A 24-hour emergency phone line with quick response units, better customer service for voicing complaints and paying bills, and new electricity service installed three times faster were among the features Electricite du Cambodge announced at the opening of it first customer-service center on Wednesday.
The center, located at 210 Mao Tse-tung Blvd, is part of EdC’s restructuring of its Phnom Penh operations. The city is being divided in two sections, each with a customer service office.
People in the core of the city—bordered by Sihanouk and Mao Tse-tung boulevards on the north and south and Street 70 and the Tonle Sap river on the east and west—will be served by the current EdC office at Wat Phnom where a customer-service office is to open in February 2002. The other customers will be handled at the new office on Mao Tse-tung Boulevard (tel: 023-215-629).
Each office will have about 140 employees who will process all customer needs—from installation requests and payments, to emergency response by units equipped with mini-vans and motorcycles. The offices will be open from 7:30 am to 4:30 pm, though emergency service will be available 24 hours.
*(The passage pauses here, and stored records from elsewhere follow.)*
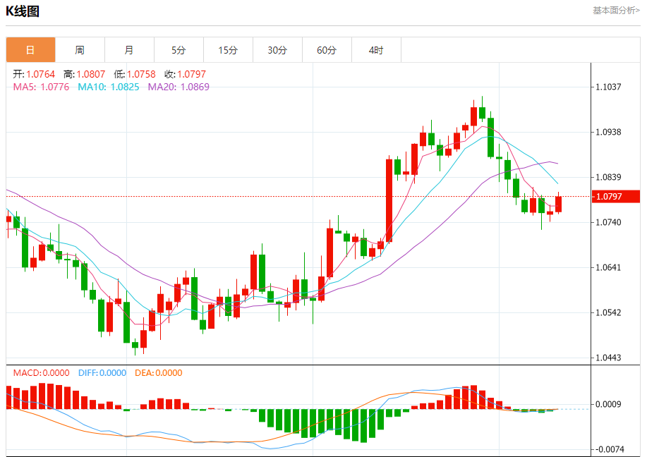 周二盘中,欧元/美元报1.0798,涨幅0.31%。
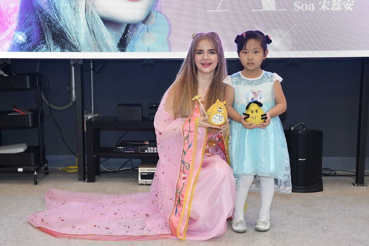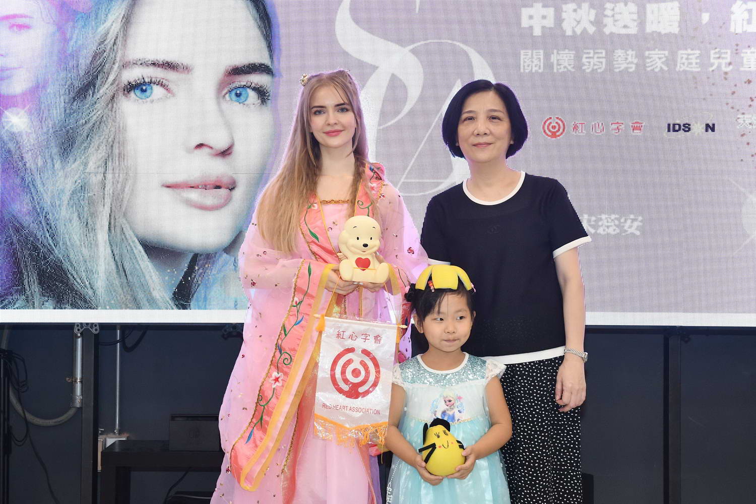 展演廳,以一席古裝扮相,化身嫦娥仙子,提前與紅心字會弱勢兒童一起過中
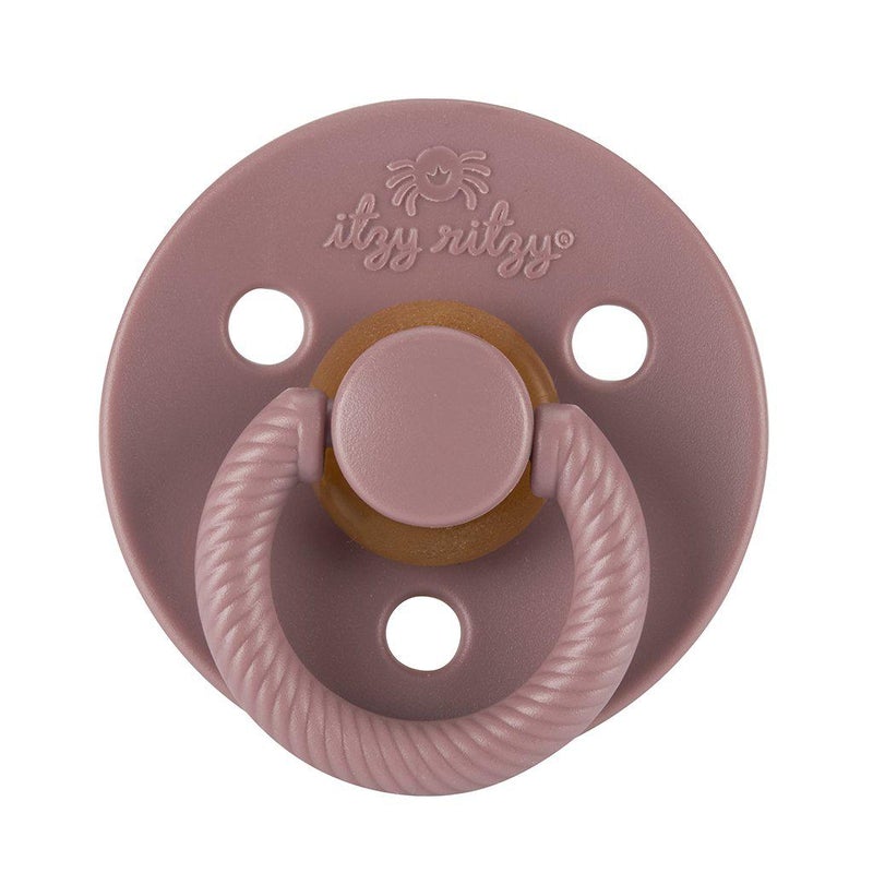 ¡Conoce el chupete de goma natural Itzy Soother! Cada tetina de caucho natural tiene forma de cereza para imitar la lactancia y está acentuada con un asa de cable. Cada juego incluye 2 colores complementarios mientras cumple con las normas de seguridad de ASTM y no contiene BPA.

People also will be able to call to check on their bills during office hours. The waiting period for new service should go down from 45 to 15 days, said Men Sarun, executive commercial director for EdC.
The project is being funded through a $3.5 million grant from the French development agency. Electricite de France, which has been providing technical assistance to EdC since the early 1990s, is helping with the project.
Restructuring operations into two full-service offices became necessary due to EdC’s increasing number of customers, said Patrick Le Penven, the EdF project manager in Cambodia. EdC has gone from 38,000 customers in 1998 to 110,000 today, he said.
EdC has been able to repair old installations and bring the service into new areas with the support of the Asian Development Bank and the Japan International Cooperation Agency, Men Sarun said.
EdC now operates in five provinces. A detailed study to bring the service to rural areas in eight additional provinces should start shortly, Le Penven said.